======== Given information
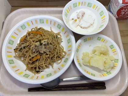 焼きそばは、ソースではなく塩で味付けをしました。野菜やお肉など具材の旨みが引き立って美味しく仕上がりました。じゃがいもは茹でてから、塩こしょう、バターを絡めて味付けをしました。フルーツヨーグルトは、プレーンヨーグルトとフルーツ缶の黄桃、みかん、パイナップルを合わせました。4年生や3年生のクラスでは、今日は全部おかわりする‼︎という声が聞こえたり、おかわりの行列が出来ていました。
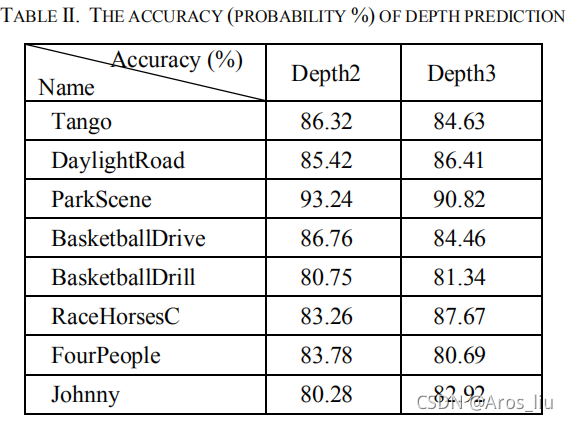 用LCU中洗个64x64的CU的平均QT深度来表示一个LCU的平均深度,如图3所示。训练用的序列如表1所示,其中Class D分辨率太小,Class F中包含很多中不同分辨率的序列,所以都不采用。
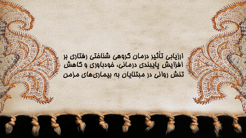 پاورپوینت ارزیابی تأثیر درمان گروهی شناختی رفتاری بر افزایش پایبندی درمانی، خودباوری و کاهش تنش روانی در مبتلایان به بیماریهای مزمن
================
What to do:
Return the material exactly as it reads, though without the pictures it holds.

Result of this task:
 焼きそばは、ソースではなく塩で味付けをしました。野菜やお肉など具材の旨みが引き立って美味しく仕上がりました。じゃがいもは茹でてから、塩こしょう、バターを絡めて味付けをしました。フルーツヨーグルトは、プレーンヨーグルトとフルーツ缶の黄桃、みかん、パイナップルを合わせました。4年生や3年生のクラスでは、今日は全部おかわりする‼︎という声が聞こえたり、おかわりの行列が出来ていました。
 用LCU中洗个64x64的CU的平均QT深度来表示一个LCU的平均深度,如图3所示。训练用的序列如表1所示,其中Class D分辨率太小,Class F中包含很多中不同分辨率的序列,所以都不采用。
 پاورپوینت ارزیابی تأثیر درمان گروهی شناختی رفتاری بر افزایش پایبندی درمانی، خودباوری و کاهش تنش روانی در مبتلایان به بیماریهای مزمن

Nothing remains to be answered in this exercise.